**Task brief**
For this exercise, repeat the records below exactly and omit every picture.

Stored items:
▼

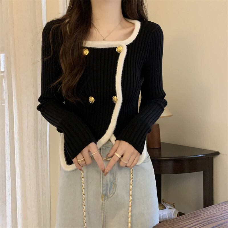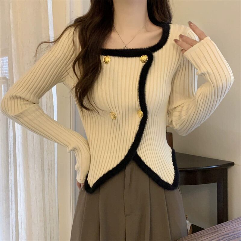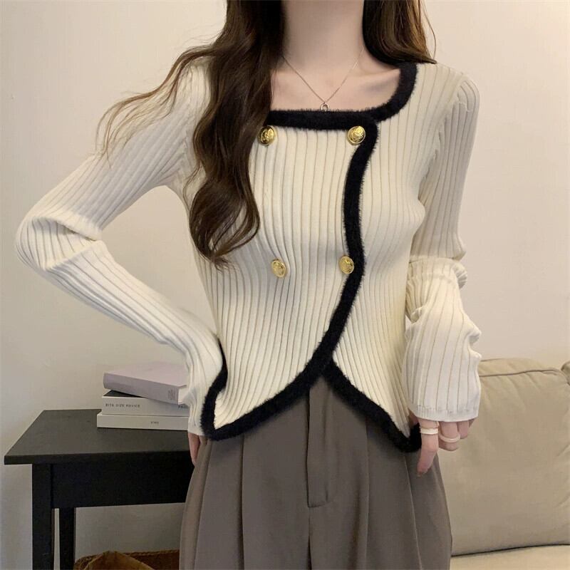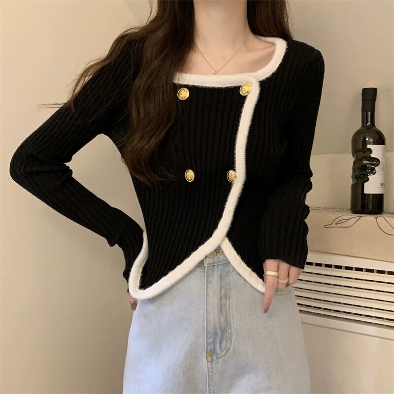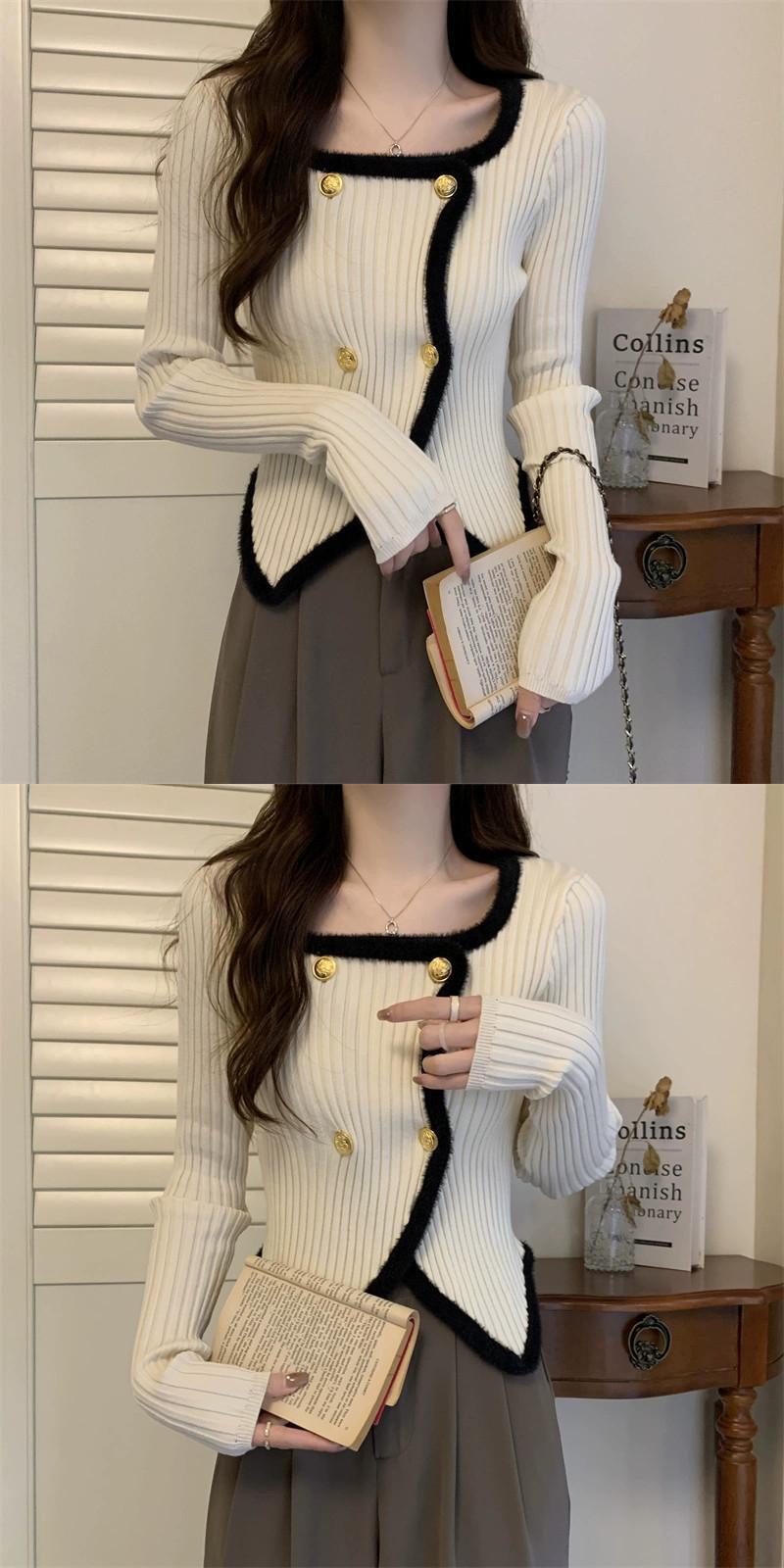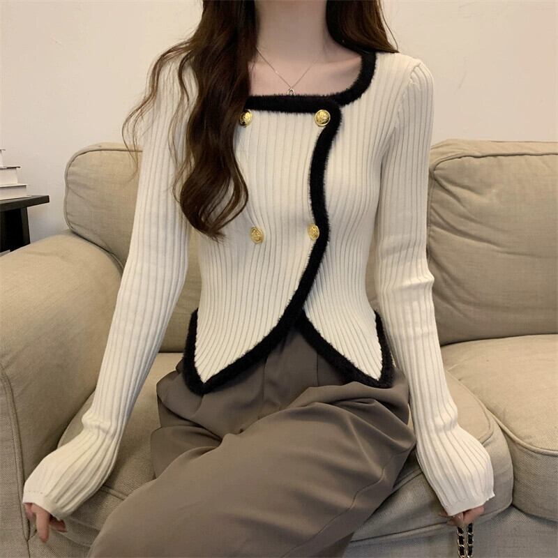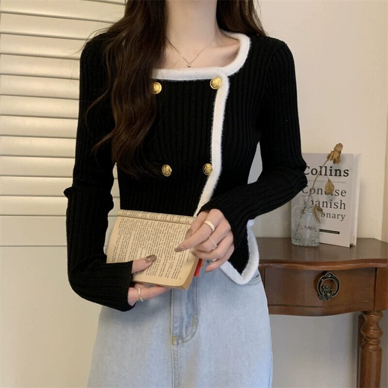 秋と冬の不規則なショートボトムシャツの女性、西洋スタイルのインナースタイル、小さな香りのスタイルのセーター、スリムフィットの豪華なベルベットのスクエアネックセーター オータム 秋物 ウィンター 冬物 スクウェア 7460054852331514 | framboise21
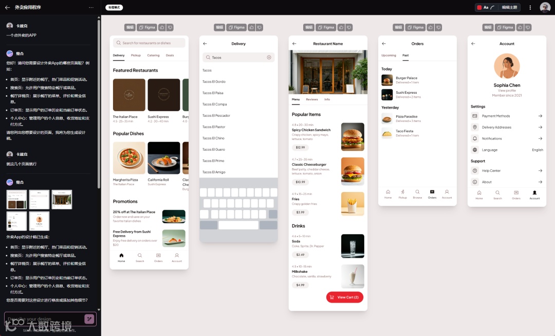 工具经与用户确认风格、布局等关键问题后,短时间内即可生成多页面设计方案,用户还能直接编辑或导入专业软件进一步优化;
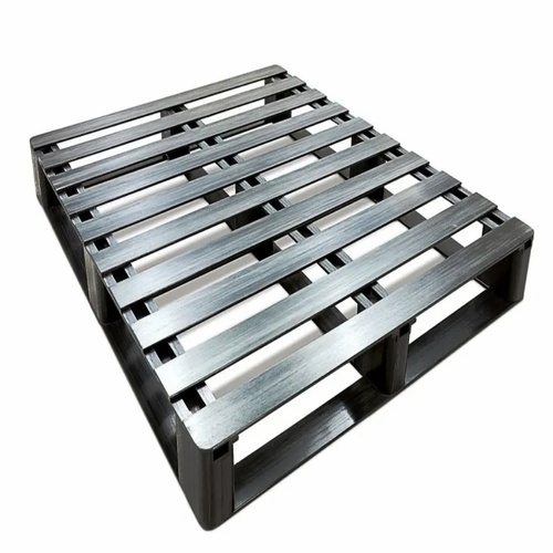 Grey mild steel industrial pallet, 500 kg capacity. Dimensions: 1200 x 1200 x 130 mm. Made in India. Suitable for heavy-duty industrial applications.
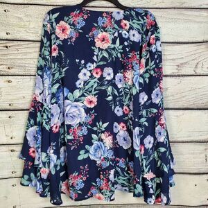 NWT C Brand Women’s 1X Navy Blue Floral Boho Blouse Bell Sleeve Tie Front Plus S
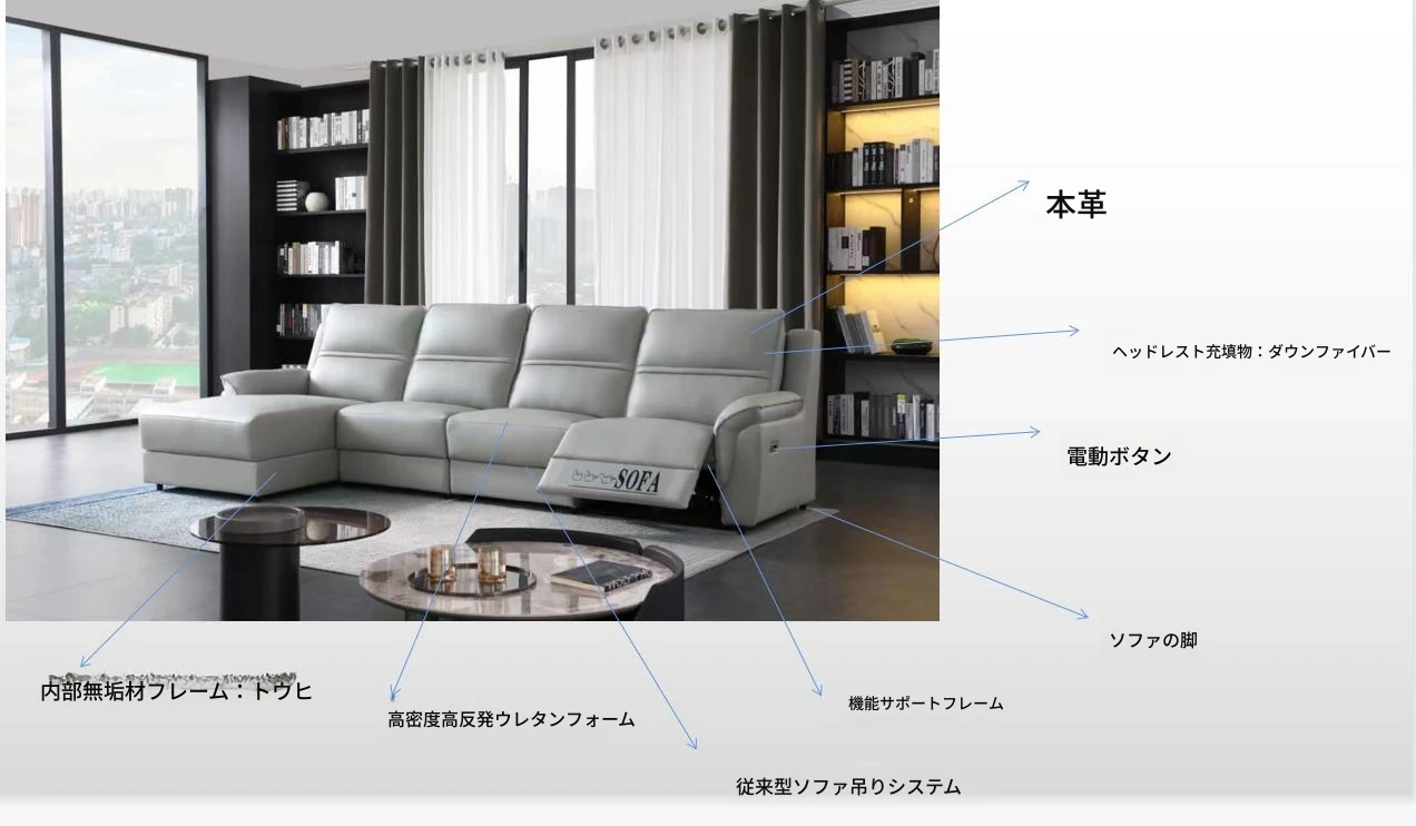 イーライプン - 8818 本革機能ソファー ロシア産落葉松使用 上質な牛革で快適な座り心地を実現!

▲

**Solution to the problem**
 秋と冬の不規則なショートボトムシャツの女性、西洋スタイルのインナースタイル、小さな香りのスタイルのセーター、スリムフィットの豪華なベルベットのスクエアネックセーター オータム 秋物 ウィンター 冬物 スクウェア 7460054852331514 | framboise21
 工具经与用户确认风格、布局等关键问题后,短时间内即可生成多页面设计方案,用户还能直接编辑或导入专业软件进一步优化;
 Grey mild steel industrial pallet, 500 kg capacity. Dimensions: 1200 x 1200 x 130 mm. Made in India. Suitable for heavy-duty industrial applications.
 NWT C Brand Women’s 1X Navy Blue Floral Boho Blouse Bell Sleeve Tie Front Plus S
 イーライプン - 8818 本革機能ソファー ロシア産落葉松使用 上質な牛革で快適な座り心地を実現!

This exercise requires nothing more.